Katherine, what is it like to touch the stars? I wish I could’ve asked you in person.

The New York Times wrote about you so beautifully this week: “They asked Katherine Johnson for the moon, and she gave it to them.” The words are so fitting to describe what you did for all of us. The human race is indebted to you. 

And the men, known well by the history books as the heroes in our race to the stars? They owe you their lives. 

Alan Shepard, first American in space. John Glenn, first American in orbit. Neil Armstrong, first human to walk upon the moon’s surface. Their success came at the scratch of your pencil and at your mind's mathematical genius.
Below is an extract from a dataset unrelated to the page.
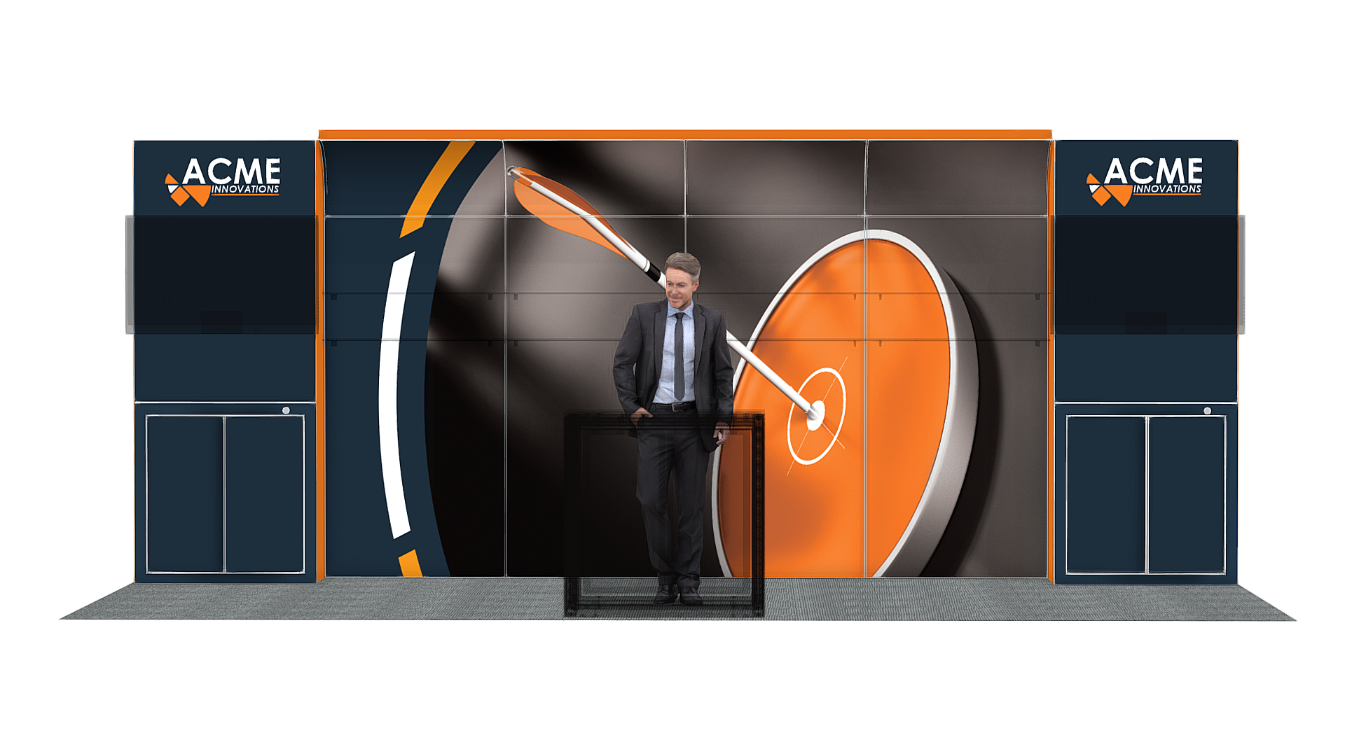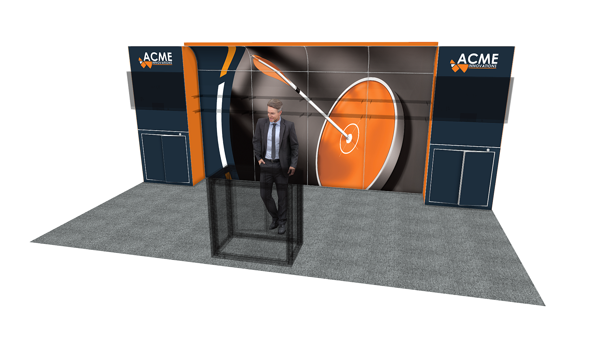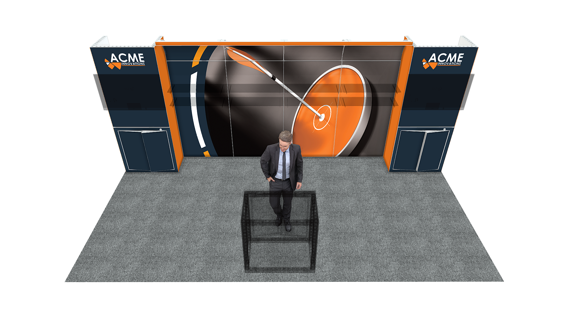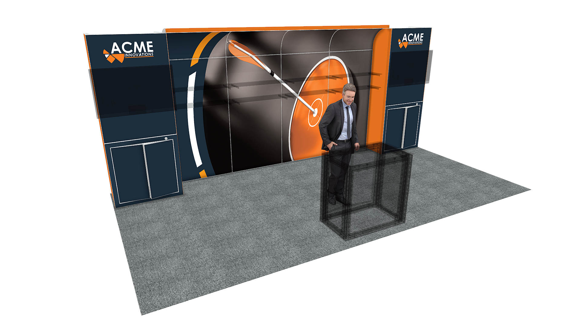 Our Price: Starting At $5990Embark 207 blends efficient shelving and storage capabilities with a modern, flowy design! With two built-in storage cabinets, additional shelving units (optional) and an extended backwall, this booth provides the perfect blend of style and functionality. The gentle curves draw attention, making your exhibit stand out, while the storage areas ensures you have plenty of room to bring in extra products to offer to clients.
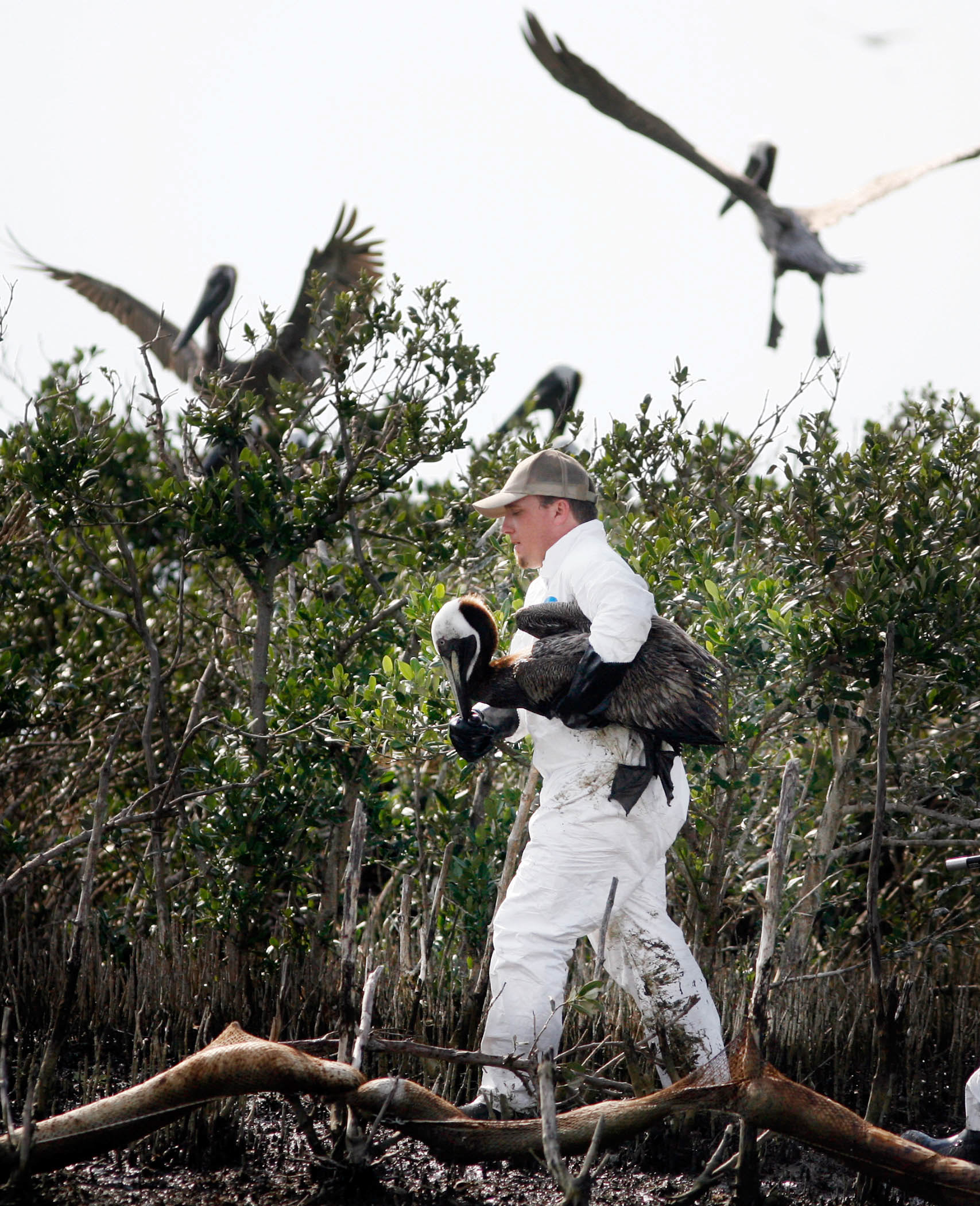 A pelican sits in the grass on an oil-stained island near Grand Isle Tuesday.

It pains me to think we almost forgot about you — how history could have failed you and countless others who also loved the concept of reaching a new frontier. We only reached it because of your dedication. Your courage. Your perseverance in the face of the cruelest adversity. They made a film about you, but I think even the most poignant parts of it can’t quite capture your undefeatable spirit. 
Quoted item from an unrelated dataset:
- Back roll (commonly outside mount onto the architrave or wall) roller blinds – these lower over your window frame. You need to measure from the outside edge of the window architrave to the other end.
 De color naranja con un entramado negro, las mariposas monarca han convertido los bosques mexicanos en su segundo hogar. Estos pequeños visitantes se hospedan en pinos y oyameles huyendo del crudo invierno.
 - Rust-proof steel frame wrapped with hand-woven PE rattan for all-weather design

Quite frankly, we didn’t deserve the use of your unbounded mind. This nation, full of people with hearts so deeply rooted in racism and misogyny — at the time, and unfortunately still now — doesn’t deserve the milestones you gave us.

I kept in mind your calculations and your sacrifices as I walked the halls of NASA this past summer. I read the biography written about you, supplied to me by two gracious engineers with whom I lived during the time I spent at Glenn Research Center.

I thought not only about you, either, which I think you’d be pleased to hear. More names filled my mind.

I thought of Mary Jackson and Dorothy Vaughan, your fellow mathematicians at Mother Langley.

I thought of Bessie Coleman. Sally Ride. Mae Jemison. Margaret Hamilton. Valentina Tereshkova. Christa McAuliffe. Judith Resnik. Sunita Williams. Ellen Ochoa. Liu Yang. Serena Auñón-Chancellor.

The list goes on. It is growing.

I saw your spirit every day. The women with whom I worked at NASA reflected it. Seeing their drive and hearing their words of encouragement instilled in me a sense of agency I’ve gotten nowhere else. Nothing I say or do could ever thank them enough for that.

We learned about your passing earlier this week. I haven’t cried so hard in months. As for me? I’m no mathematician, scientist or engineer. But I want to spend the rest of my life writing about people like you. 

I want to write about the “firsts.” I want to tell the world about the milestones and the breakthroughs, like the first all-women spacewalk that took place on Oct. 18, 2019. Of all the birthday presents I’ve ever asked for, that was the greatest one I've gotten — seeing Christina and Jessica emerge from the confines of the International Space Station together. 

I long to tell the world about your accomplishments, your grit, your willingness to sit down and work through even the most complex problems.

I want children to read about you and be gripped with inspiration about what you overcame — and how they, too, can overcome the obstacles they face.

As humankind reaches new frontiers — like putting a woman on the moon or Mars, at long last — I'll be there, working my hardest to make sure you and other women won't be hidden or forgotten.